Housekeeping

Okay I'm taking liberties with scarecrow...just sit back and enjoy the new and improved P.O.V cams! And for those asking I did not abduct M. Night Shyamalan. I own nothing but my own mind and V. Enjoy.

Thinking

Sexy Scarecrow Voice

Speaking

Chapter 21: This can't be legal


I managed to pry myself off of Edwards lap and sat in the corner of the limo with my head in my hands. This couldn't be true could it? Married to all three rogues? How could all three certificates be validated?

"I think we broke Mrs. J again." Joker chuckled and sipped more champagne. He pulled a pocket watch from the depths of his coat and clicked it open. "We're running late. Now what in the world could have made you two run behind for so long now?" He glared at Edward who just slipped a giant smile on his face.

"Oh we just took the time to consummate our marriage in a very interesting way." Edward pulled another bottle of champagne from the mini fridge and popped it open. I watched him take a swig and recline in his chair as if this was a normal day for him.

"She was our first." Crane took a big chug of his bottle before inspecting the wound in his shoulder. "Didn't have to shoot me though, V's going to ruin her dress when I steal her away later."

"How the hell did all three of you get legal marriage certificates? Seriously!" I snapped my head up and glared at all three of them. "How can I be married to three men at once?"

"Relax Mrs. J. Honestly does it matter that you've got all three of us after you?" Joker leaned forward and grabbed me, dragging me onto his lap and holding me down.

"Let me go Joker." I tried to pry his hand off me but he just laughed and forced some of his drink down my throat. I choked on the bubbly liquid and wanted to smash his face with the glass. I was quickly developing quite the anger issues. Why didn't I just take the job cleaning hotels and buy a cat? Cat's don't do dastardly things like this.

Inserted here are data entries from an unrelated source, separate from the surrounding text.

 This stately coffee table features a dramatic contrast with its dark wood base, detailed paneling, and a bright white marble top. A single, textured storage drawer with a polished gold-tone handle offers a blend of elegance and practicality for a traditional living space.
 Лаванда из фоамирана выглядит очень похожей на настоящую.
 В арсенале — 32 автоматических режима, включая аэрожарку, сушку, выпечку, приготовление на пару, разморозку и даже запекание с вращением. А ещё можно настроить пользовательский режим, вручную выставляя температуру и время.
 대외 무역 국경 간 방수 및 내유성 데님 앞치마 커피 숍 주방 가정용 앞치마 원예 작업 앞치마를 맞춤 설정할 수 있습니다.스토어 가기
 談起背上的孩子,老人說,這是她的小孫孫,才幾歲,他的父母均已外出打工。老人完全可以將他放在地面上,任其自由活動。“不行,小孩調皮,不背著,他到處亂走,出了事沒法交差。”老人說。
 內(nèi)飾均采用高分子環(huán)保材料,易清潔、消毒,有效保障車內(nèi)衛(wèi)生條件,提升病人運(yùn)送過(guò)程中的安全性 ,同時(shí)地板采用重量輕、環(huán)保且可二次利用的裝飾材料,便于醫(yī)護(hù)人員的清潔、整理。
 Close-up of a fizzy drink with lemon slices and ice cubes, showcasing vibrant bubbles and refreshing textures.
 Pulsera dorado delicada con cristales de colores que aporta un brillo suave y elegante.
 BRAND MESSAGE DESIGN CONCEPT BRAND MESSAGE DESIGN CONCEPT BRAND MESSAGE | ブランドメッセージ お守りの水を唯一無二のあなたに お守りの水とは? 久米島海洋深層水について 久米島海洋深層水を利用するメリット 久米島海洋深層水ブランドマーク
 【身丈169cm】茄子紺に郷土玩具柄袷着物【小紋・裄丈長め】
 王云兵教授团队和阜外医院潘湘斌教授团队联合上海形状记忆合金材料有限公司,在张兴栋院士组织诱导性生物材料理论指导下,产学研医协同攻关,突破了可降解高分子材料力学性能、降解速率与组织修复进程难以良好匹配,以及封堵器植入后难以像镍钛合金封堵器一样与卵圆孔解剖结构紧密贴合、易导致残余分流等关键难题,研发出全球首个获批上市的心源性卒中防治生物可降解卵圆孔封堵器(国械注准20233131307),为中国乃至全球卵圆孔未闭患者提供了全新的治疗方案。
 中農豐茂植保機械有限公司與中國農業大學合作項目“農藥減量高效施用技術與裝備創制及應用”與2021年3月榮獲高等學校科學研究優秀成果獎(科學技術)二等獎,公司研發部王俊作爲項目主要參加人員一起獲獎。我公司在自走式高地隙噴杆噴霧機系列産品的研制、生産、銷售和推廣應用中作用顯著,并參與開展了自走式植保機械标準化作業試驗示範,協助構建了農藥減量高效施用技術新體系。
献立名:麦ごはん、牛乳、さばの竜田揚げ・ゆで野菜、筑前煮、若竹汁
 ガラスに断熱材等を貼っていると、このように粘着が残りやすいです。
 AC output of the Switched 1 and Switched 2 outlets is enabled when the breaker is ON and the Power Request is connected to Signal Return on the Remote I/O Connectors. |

"Stop fighting it. True I'm not a big fan of sharing but I'd like to say that I've invested in my stock wisely." His hand cupped me through my dress making the other two men growl at him.

"Hands off clown!" Edward tried to pull me off Joker's lap and I was in yet another tug of war match. "V is my wife. Stop putting your grubby paws all over her!"

"Guys stop it you're hurting me!" My arms felt like they were being ripped from their sockets. I could feel myself bruising from the force of their fingers digging into my flesh. The tug of war match stopped when a bottle crashed over Joker's head and I was pulled into the lap of a pissed off Scarecrow who cradled my face against his chest.

"That's it; I'm going to kill you two now. Screw the agreement you hurt our V and all bet's are off." He was slurring his words a bit and I could smell the alcohol on his breath.

"What agreement?" I pulled myself from his chest and looked up at his face. "Jonathan tell me what the hell is going on or I swear I will throw myself from this moving limo right now."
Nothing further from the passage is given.